In order to search for an indoor delivery route, a graph in which regions are connected to edges is generated with reference to the context map (S210). A graph is a collection of paths connecting edges from one area of the context map to other movable areas.

5 illustrates a graph that can be generated in step S210. In the illustrated graph, it is assumed that there are 4 regions in the context map. According to the presented graph, it is possible to move from Zone-1 to Zone-2 and Zone-3, but it is impossible to move to Zone-4. Similarly, from Zone-2, you can move to Zone-1 and Zone-3, but not to Zone-4, and from Zone-3, you can move to Zone-1, Zone-2, and Zone-3, and Zone-3. From 4, you can only move to Area-3.

In the following graph, the travel time for each of the edges connecting the regions is predicted (S220), and the predicted travel times are written on the respective edges (S230).

Prediction of travel time in step S220 is performed by referring to contexts matched to respective zones in the context map. Contexts that affect movement time among contexts matched to zones are maximum speed, congestion (cohesion of objects, possible movement speed, etc.), and risk factors (obstacles, obstructions, fire, flooding, accidents, etc.).

When estimating the travel time, the moving speed of the moving object should not exceed the maximum speed, and is reduced according to congestion or risk factors. On the other hand, in the case of an edge that cannot be moved due to a risk factor, the movement time can be predicted as infinite (∞).

6 illustrates the results of writing the predicted travel times to the edges, respectively, in step S230.

It will be described with reference to FIG. 4 again.

When the graph is completed through steps S210 to S230, an optimal indoor delivery route is determined using the graph (S240). The optimal delivery route determined in step S240 is the route with the shortest overall travel time.

As a path search technique for step S240, Dijkstra Algorithm may be used. Of course, it is not excluded to use other route search algorithms.

7 is a block diagram of a delivery route search system according to another embodiment of the present invention. As shown, the delivery route search system according to an embodiment of the present invention is constructed including a communication unit 310, a processor 320 and a storage unit 330.

The delivery route search system may be performed by a mobile body, but may be implemented as being performed by a context map construction system when the mobile body has insufficient resources. The latter is assumed below.

The communication unit 310 is a means for mutual communication with a delivery robot moving in an indoor environment.

The processor 320 generates a 2D grid map for the indoor environment, matches the contexts acquired from the delivery robots through the communication unit 310 to the 2D grid map to create and updates the context map, and For delivery robots, a context map is provided through the communication unit 310 .
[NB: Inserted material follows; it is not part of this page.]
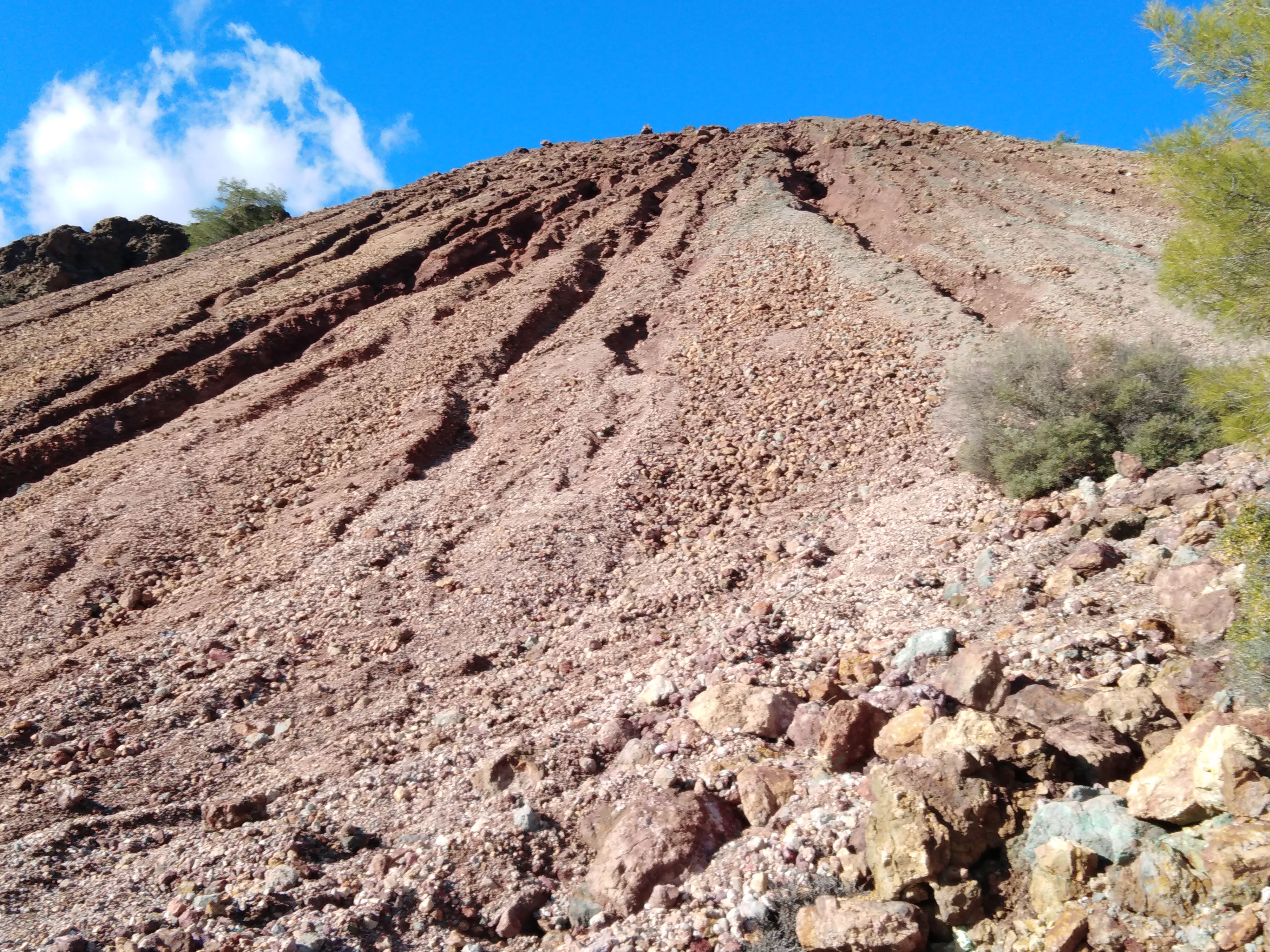 Concerning the way up to the top, he informed me that some time after the mine had ceased commercial operation, the town decided to close the road connecting his property with a highway to the south. That had been the main truck route up to that point, leaving him the smaller dirt road that I had come in on as his main access. After that, the path through his property to the mine area was no longer maintained. However, he informed me that it would be possible to drive along the mud road between the house and solar collectors and then turn right and upward. Past that point, a portion of the road towards the summit is still good up to the hairpin turn in the road. From there, the road is deeply fissured (indicated by more green x’s on the photo above), so it would be necessary to go on foot.
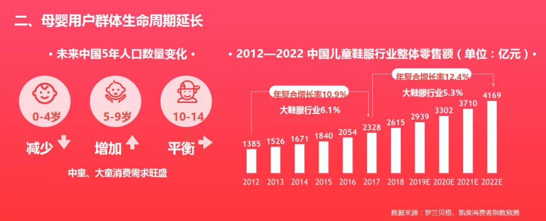 母婴后风口时代两大趋势 国家统计局数据显示,2016年我国新生儿出生率为12.95‰,2018年出生率跌至10.94‰。作为预判母婴行业未来发展的关键指标之一,出生率的下滑预示中国母婴行业已进入后风口时代。 后风口时代的中国母婴市场,有两大行业趋势值得关注: 第一,90、95后及低线城市母婴用户群体高速增长。网易考拉平台数据显示,2018年90、95后母婴用户已成为名副其实的母婴消费主力军,规模占到平台母婴用户一半以上,且购买力强劲;地域上看,低线城市(三四线城市)的母婴销售额增速领先高线城市(一二线城市),这说明低线城市用户对进口母婴商品的需求开始加速释放,且未来还有更大的发展空间。 第二,母婴用户“生命周期”不断延长。根据凯度消费指数显示,未来五年, 5-9岁的中童市场将保持增长态势,这部分孩子正是2016年“二胎政策”下的生育小高峰人群。随着他们的成长,中童、大童相关母婴消费品类市场机会巨大。以儿童鞋服市场为例,第三方数据显示,0-14岁的儿童鞋服细分市场机会凸显。2017年至2022年间,大鞋服行业整体平均增速从之前的6.1%降至5.3%,而儿童鞋服则逆势上扬,从10.9%增至12.4%。到2022年,整个中国儿童鞋服市场将超过4000亿。 抓住后风口三大新机遇 在母婴市场后风口时代,母婴用户的变化也为行业带来了三大新机遇。 第一,洞察90、95后母婴新生代需求,发力“美妈经济”;同时通过优质内容影响该群体消费决策,用内容驱动消费。母婴跨境电商经过五年的发展,平台要更关注“内功增长”,不能只做货架,而要通过优质内容帮助建立有温度的品牌认知。目前,网易考拉已经搭建了一整套内容矩阵,包括种草社区、短视频考拉ONE物、直播,同时背靠整个网易集团的优质媒体资源支持。 第二,不断延展用户生命周期,通过布局优质教育、图书、童装等,全方位满足用户不同年龄层次需求。例如,网易考拉儿童教育消费增长潜力巨大。今年以来,童书增速超50%。今年6月,考拉引入原版书品类,活动当日原版进口童书品类销售提升100%,预计下半年童书还将保持高增速发展。 第三,高低线城市差异化经营。高线城市延展母婴用户生命周期,低线城市深耕0-4岁母婴商品。随着低线城市人均收入不断提高、消费增速超越高线。作为平台,要为低线城市用户提供好货、好价、好服务,迎接低线城市的消费升级。 除此之外,母婴行业应打破定性思维,进行战略新布局。例如,在母婴行业普遍焦虑的出生率下滑曲线图背后,还有另外一张呈上升趋势的曲线图——中国老龄化占比增幅。国家统计局数据显示,2018年末,60周岁及以上人口24949万人,占总人口的17.9%,相较2016年末占比增长了1.2%。 跳跃性思考一下,母婴行业是否能发挥原的优势,拓展有上升趋势的新市场呢?比如原本专注婴儿纸尿裤的品牌,是否可以借原有供应链优势去开拓老年人市场,“从专注婴儿纸尿裤20年,转变为专注纸尿裤20年”?一起来听一下张蕾对《中国母婴市场的后风口时代》的解读分析。 报名方式 1、长按下方海报扫码入群,限时特惠报名听课 【ps:优先进群的同学可抢30个免费听课的名额哦~】 2、点击文末“阅读原文”直接报名

In addition, the processor 320 searches for an optimal indoor delivery route according to the method shown in FIG. 4 and provides the searched indoor delivery route to the delivery robot through the communication unit 310 .

The storage unit 330 provides a storage space required by the processor 320 to build/update the context map and search for an optimal indoor delivery route.

So far, a method for constructing a context map for autonomous driving and control has been described in detail with a preferred embodiment.

In the embodiment of the present invention, by constructing/updating a context map including a specific context and providing a more specific context than existing maps, it is possible to search for an optimal indoor delivery route and relatively accurately predict an expected delivery time. made it possible

In addition, the context map classifies each area of the indoor environment in the form of a grid, thereby improving the convenience of context matching and location accuracy.

In the above embodiment, it is assumed that the delivery robots acquire the contexts reflected in the context map. However, in addition to delivery robots, it is also possible for other moving objects moving in the indoor environment to acquire contexts, and it is possible to acquire contexts for fixed facilities other than mobile objects, such as CCTV cameras or environmental sensors installed on ceilings or walls. possible.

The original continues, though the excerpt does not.